Despite that, the forest we passed through was green and lush with a fair number of 20-metre and 30-metre trees on the horizon. 'I see wild elephants on the trail every day,' declares Victor Brant, who works for a heli-logging company. The jovial foreman had pitched in to help get our bus out of a muddy spot - at a part where the dirt road had sagged badly, heavily indented by the weight of logging trucks and kept mushy by the rainy weather. It took us about an hour to get out of that spot, where we had caused a minor traffic blockage - one laden logging truck and three four-wheel drives ahead of us, and up to five empty logging trucks behind waiting to go into the valley for their wooden cargo.
Animal sightings
We thought Mr Brant was bragging at first, even though we'd seen elephant dung by the roadside earlier on.
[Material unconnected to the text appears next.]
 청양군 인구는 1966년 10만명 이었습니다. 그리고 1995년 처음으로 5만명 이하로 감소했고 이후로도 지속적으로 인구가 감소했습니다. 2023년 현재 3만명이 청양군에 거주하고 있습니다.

But true enough, barely half an hour after we resumed our journey, we saw a group of four or five small elephants - which looked like the Borneo pygmy elephants - just by the logging road, retreating quickly and silently back into the forest when we stopped and fumbled with our cameras.
At the Borneo Rainforest Lodge, located even deeper in Danum Valley, the wild-animal sightings noted by the eco-lodge's guests are impressive: wet tarsier, rhinoceros hornbill, red leaf monkey, pygmy elephant ('a herd of 20', a guest jotted in the visitor's book), orang utan, gibbon, slow loris, sambar deer, giant tree squirrel - just on daily jungle trail walks. Although a clouded leopard would be a bonus to spot, it's already like Jurassic Park minus the dinosaurs.
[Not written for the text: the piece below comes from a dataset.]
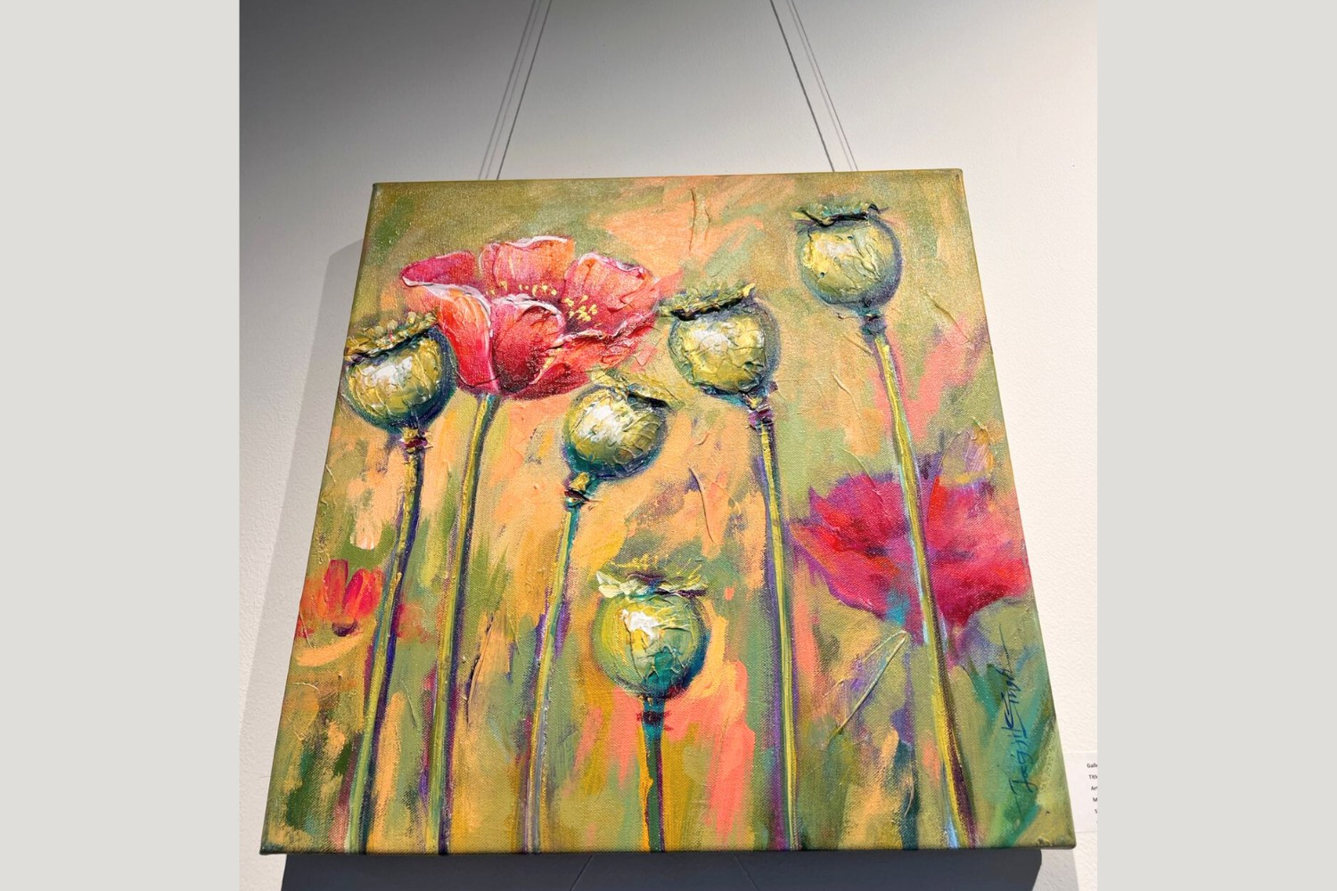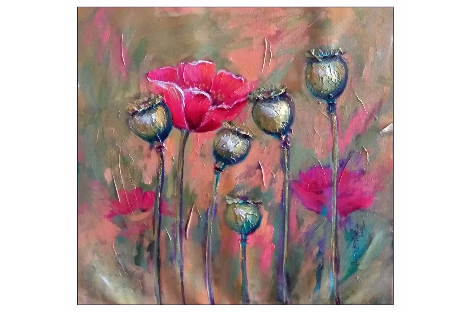 Whispering Dawn Acrylic on canvas — A deep red bloom rests in a soft blend of yellow and muted tones, where light and colour meet to awaken the spirit.

And this is logged - not virgin - forest as far as the eye can see, says Dr Reynolds, gesturing from the viewing deck of Danum Valley Field Centre's observation tower which is next to a Malaysian government-funded global atmosphere watch station, the only one of two in the Asia-Pacific region.
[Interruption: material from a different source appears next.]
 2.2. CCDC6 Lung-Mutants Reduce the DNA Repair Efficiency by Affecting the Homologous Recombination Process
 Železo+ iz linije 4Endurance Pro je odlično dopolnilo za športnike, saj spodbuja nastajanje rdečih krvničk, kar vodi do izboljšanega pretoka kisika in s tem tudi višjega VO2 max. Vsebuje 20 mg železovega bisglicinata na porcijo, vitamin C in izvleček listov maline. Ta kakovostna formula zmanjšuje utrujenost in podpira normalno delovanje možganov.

With the greenery all around, can he tell the difference between degraded and restored forest? 'In a degraded forest, you'd see a lot more creepers growing over the trees, for example,' he explains.
It turns out that during replanting, which is laborious work, Danum Valley's research assistants do a fair bit of clearing of creepers as well, when they mark out an area to replant - to make sure the seedlings grow unhindered. They also have to go back regularly to make sure there is no competing vegetation.
The reforestation carried out so far is proof that a logged forest can be restored, rather than justify converting it into oil palm plantations. 'What we're trying to do here is to restore the rainforest, to get it back as a primary rainforest which it started off as,' says Dr Reynolds. 'If converted into plantation, then the impact on biodiversity is really severe. You'd lose 90 to 95 per cent of it.'
With the limited funding the project has, it's running under-capacity for now. 'But the technology and methods we've developed here can easily be replicated in other parts of Malaysia and South-east Asia,' says Dr Sinun.
Now it's just a matter of waiting for the world's politicians to catch up, and come up with a viable carbon market. 'For now, this is a voluntary market, as the carbon this project is absorbing isn't tradeable under the Kyoto Protocol which favours reforestation of empty land, not existing forest,' says Dr Reynolds. 'Then it becomes interesting financially - potentially anyway. For now, only companies which want to be seen as carbon-neutral are funding this project.'
Meanwhile, some 30 species of indigenous rainforest tree seedlings are waiting to shoot up in the under-capacity-run nursery. Hopea Nervosa and SPP, known locally as Jangkang and Selangan, are quite aptly named. They could well be the hope of the planet in years to come.